High voltage and High amperage motors?

Short gearing is a high ratio which means large mechanical advantage (5:1)
Tall gearing is a low ratio which means small mechanical advantage (2:1)

Just for reference.

Also I’m not convinced that just gearing yourself low will create more heat. Pretty sure if you assume the same speed and incline. Heat is not a function of amps. It’s a function of efficiency and power. So if I have a 1kw motor and 95% efficiency then I produce 10w of heat. Period.

(I’m ignoring iron losses here because they are dispositionally small)
The primary affect on efficiency is torque load.
And the curve looks as follows

image

Now look at the green line. This tells you that as a rule of thumb. The efficiency of a motor is a function of finding the right mix of torque and speed. Say You wanna hit the max efficiency and produce minimum heat. Then you’d want to gear your motor such that You operate to the left of those torque values. (To the right would be “over loaded” as Live pushed past maximum efficiency)

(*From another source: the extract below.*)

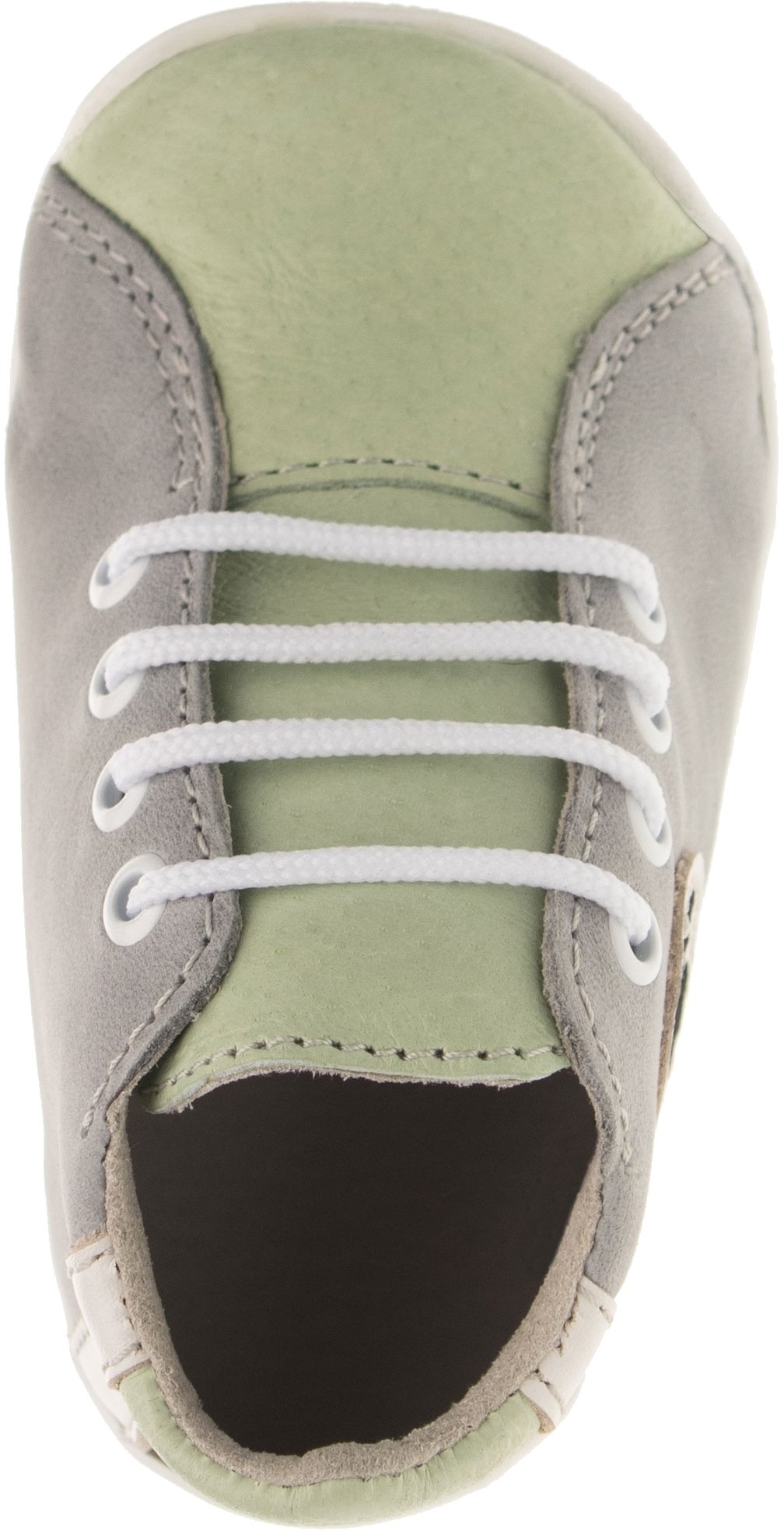 Lehká, kotníčková obuv, šněrovací, maximálně ohebná, určená pro první dětské krůčky, kdy si dítě začíná zvykat na pevnou obuv.Vrchový materiál – pravá kůže, lícová. Podšívka - netkaná textilie. Předností je vyjímatelná vkládací stélka. Podešev je z přírodní štípenky, obuv je určena do interiérového prostředí.

Now what that gearing looks like for 90kv motor at 16s. I don’t know yet.
But I’m just making a point that it’s not simply “Amps make motor hot, Ooga Ooga” :gorilla:
There’s a sweet spot for a motor where the max efficiency load is less than what we want. Ideally we set things up. so that the torque/speed combo is right at cruising speed. Say 25mph.

Tldr takeaway is here :
Now say we’re talking 90kv vs 180kv (cause it’s an easy ratio) I’m pretty sure that if this graph is a 180kv. And sa your gearing is on that sweet spot. Then a 90kv would move the peak to the right (more efficient at higher torque) by 2x. And You could effectively halve your ratio (say from 1:4 to 1:2) and maintain the same efficiency.